The reflected light was as gentle and warm on his eyes as a handful of ground glass.

The floors were black, polished slate that clicked underfoot. The control stations were labeled in Russian and English, one said Gyro-stabilizers, another Reactor Coolant Passive Control. Spaceman wanted to linger but his guides kept him moving at a brisk clip.

Along the far wall, leaning against a light blue rail that prevented over-proximity to the window, was Melissa LeHaze. She looked somewhat different than in Texas. Her hair was disheveled, and she looked sleep-deprived. Even after the guides introduced him, she offered a hand. Spaceman could not believe his good luck. He grasped her hand with what he hoped was a limp and lingering shake and then stood back, smiling into the waste. She gestured for a chair, which he took, and she picked up a clipboard holding a sheaf of forms and a black pen.

“You can leave us,” LeHaze told the guides, gesturing with the pen. “Tell your boss that I’ll finish the negotiations.”

Spaceman chuckled. “Oh, and I’m going to say no?”

“It’s doesn’t greatly concern the Master whether you do or not. You are here so I can begin the debriefing process.”

Spaceman yawned.

“Your visit here will be profitable to us on a number of levels. Firstly, that dummy drug cartel that Section Starfire runs must be brought to more practical uses. You will help us transfer control of the Suliman family business to the AC’s. Then you will need time to prepare for your meeting with the Master.”

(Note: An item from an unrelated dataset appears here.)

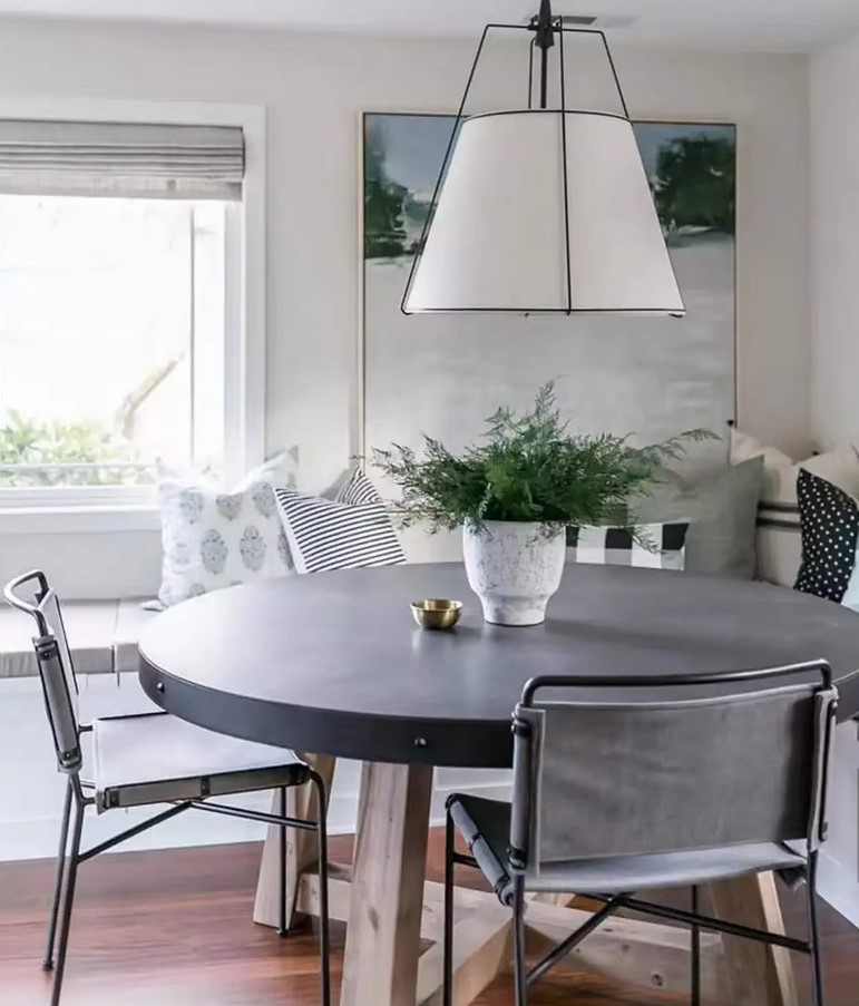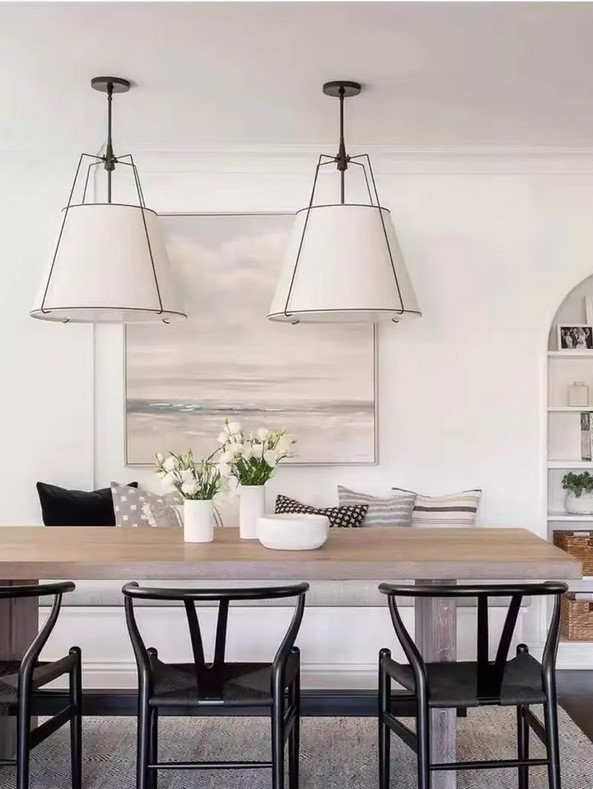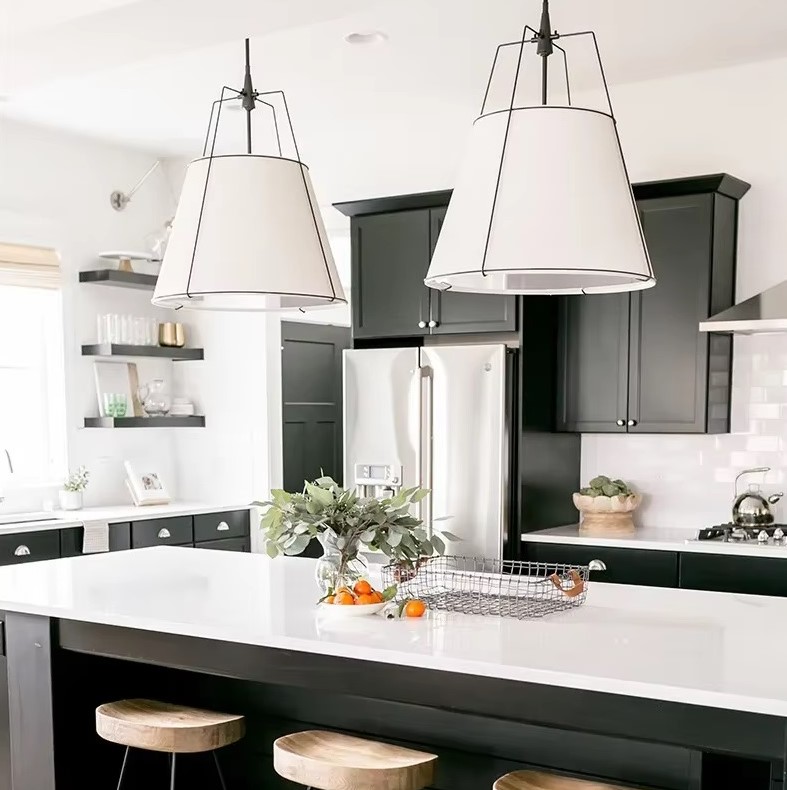 Lampa wisząca w stylu modern farmhouse Clarke Carrie to prosta, aczkolwiek ciekawa lampa wisząca w stylu modern (przypominająca swą formą trapez), na którą składa się jasny abażur „zamknięty” w delikatnej, metalowej ramie. Lampa doskonale wpisuje się w popularny amerykański styl Modern Farmhouse, łączący tradycję z nowoczesnością. Złota i czarna solidna rama w kontrastowym zestawieniu z jasnymi kloszami, tworzy minimalistyczny, ale efektowny design, który sprawdzi się w każdej jadalni lub kuchni. Jasne abażury subtelnie rozpraszają światło, tworząc przyjemną atmosferę podczas wspólnych posiłków. Konstrukcja lampy, z eleganckim wykończeniem i delikatnym detalem, sprawia, że lampa jest nie tylko funkcjonalnym źródłem światła, ale także ozdobą, która podkreśli wyjątkowy charakter wnętrza. Styl modern farmhouse, w którym zaprojektowana została ta lampa, idealnie łączy w sobie elementy wiejskiego uroku z industrialną surowością, co czyni ją doskonałym wyborem do wnętrz, w których stawia się na prostotę i naturalność.

Spaceman knew she meant Necropolis.

Responding to his silence, she said, “You realize, of course, that things are not going to go well for you.”

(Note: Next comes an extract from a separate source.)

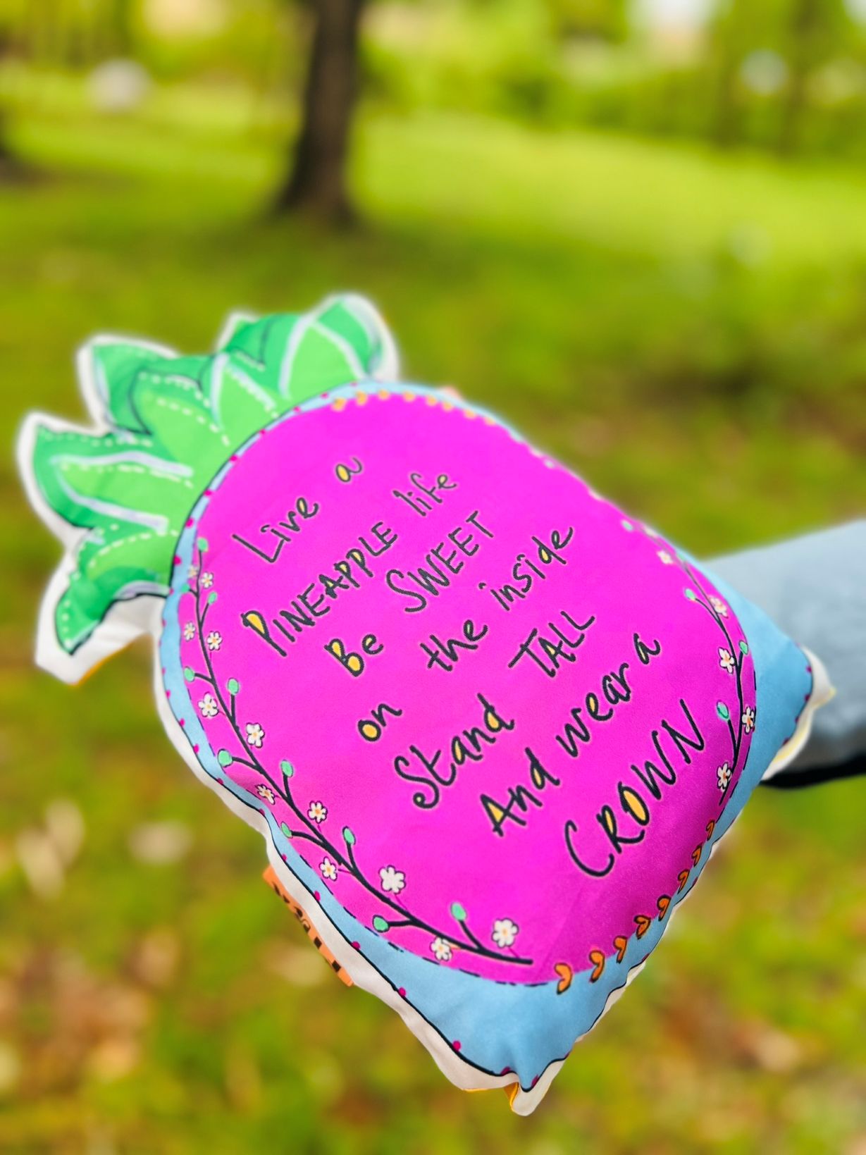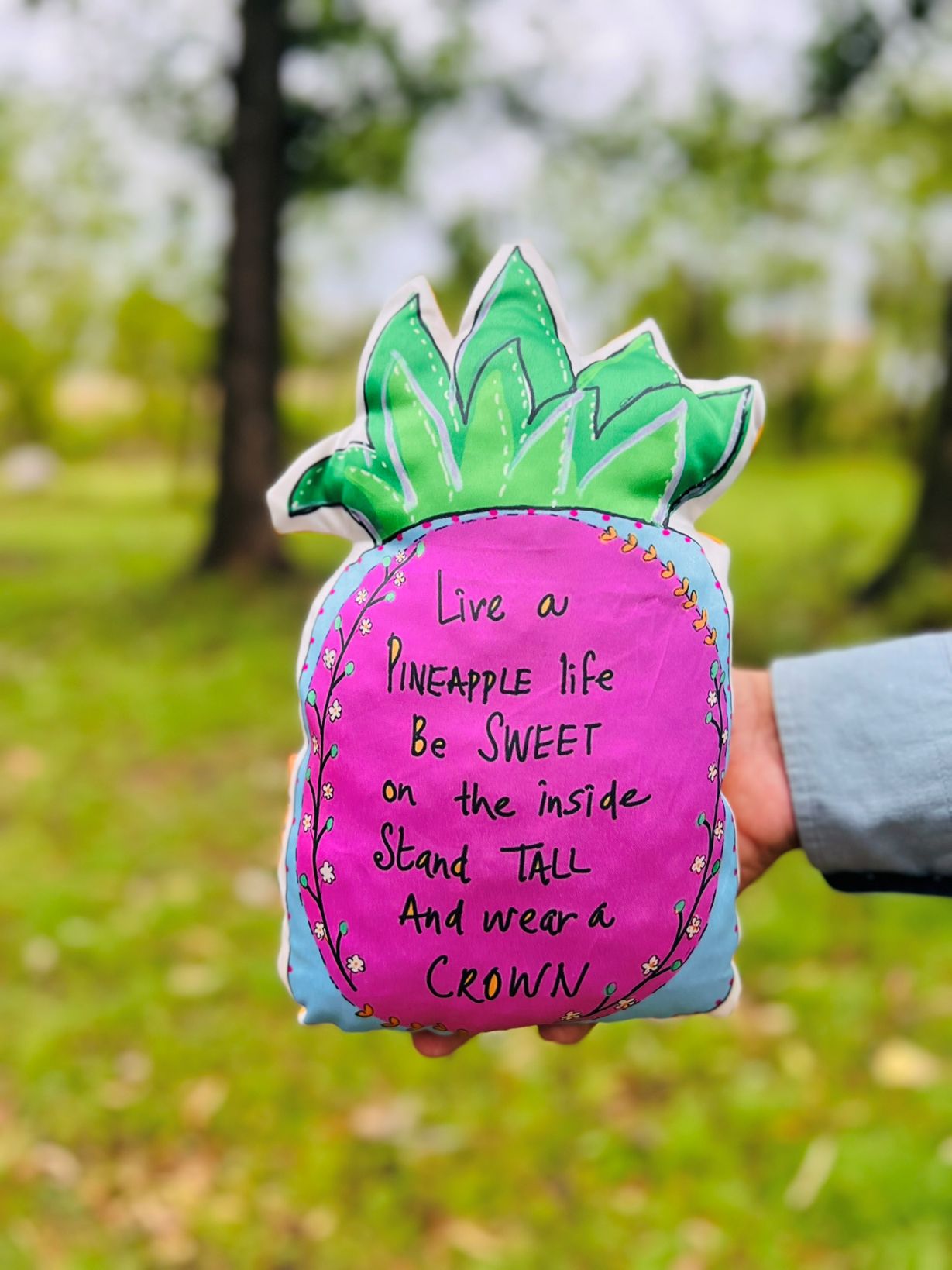 The Pineapple Blue Cushion is a round satin cushion, digitally printed with a vibrant and colorful design that adds instant funk to any setting. Its playful look and soft finish make it a stylish décor accent, perfect for livening up sofas, chairs, or cozy corners. Beyond décor, this cushion also serves as a unique and thoughtful gift option for anyone who loves bold and artistic touches in their home.

“And you’ll be doing that much better?”

She didn't reply immediately, busy scribbling down notes on the clipboard. She looked up, and gave him an effortless, toothy grin. “In three months no one will have the intellectual capacity to remember my name or what I may or may not have done. I would have thought a stay in the room would have made you a little more eager for conversation, Spaceman. Maybe you want to go back?”

“Ask your questions.”

She flipped through a few pages, her pen tapping on the clipboard. “Our assets lost contact with you three years ago. What provoked your retirement from the intelligence world?”

“Heroin. Next question.”

“And this had nothing to do with what happened in Saigon?”

Spaceman reflected. At times honesty could be useful. He let his face fall, adopting a pose of infinite regret and exhaustion.

“I didn’t know anyone knew about that.”

“We did.”

He sagged in his chair. Let her see his weakness. Weakness only partly feigned. He sighed.

“The flames were too slow,” he said in a low voice. “And I wasn’t quick enough.”

“You loved her.”

He nodded, shifting his eyes away from her.

“The Master thinks you learned something very important in that moment.”

“Nothing I didn’t already know.”

LeHaze leaned in. He sensed a change in her, an eagerness. “You’re lying,” she said.

“What do you want me to say?”

“The truth.” She was close enough to reach out and touch. Spaceman considered her usefulness as a hostage. But her over-confidence was as much a ruse as his frailty. She wanted him to overplay his hand.

“The truth is I learned it didn’t matter. The cause. The mission. My life. None of it. I learned that a human being is like a bit of gristle dropped into a grinder, whether it winds up in the sausage or stuck to the gears is unimportant.”

“Very poetic.”

“I didn’t know then what had twisted her, subverted her. I only knew something had changed her. When I saw how complete the change was, how little of her remained... I think a part of me didn’t want to be here anymore.”

She nodded, her eyes sparkling. “That is why the Master’s offer interested you.”

“Yes.”

“Would you like to meet him?”

“And I haven’t met him yet?”

“You met his costume, his clothing,” she said. “You didn’t meet The Master.”

Inwardly Spaceman felt a surge of optimism. She had not intended to reveal that. An audience with the Master, whomever that was, would happen sooner or later, but his confession had purchased the right to talk to him while he still maintained some degree of leverage.

“I don’t know if I’m up for that,” Spaceman said, letting his arms slip from the hand rests, his skin sag on his face.

“I promise you will not be harmed,” LeHaze said. “You may even find the experience invigorating.”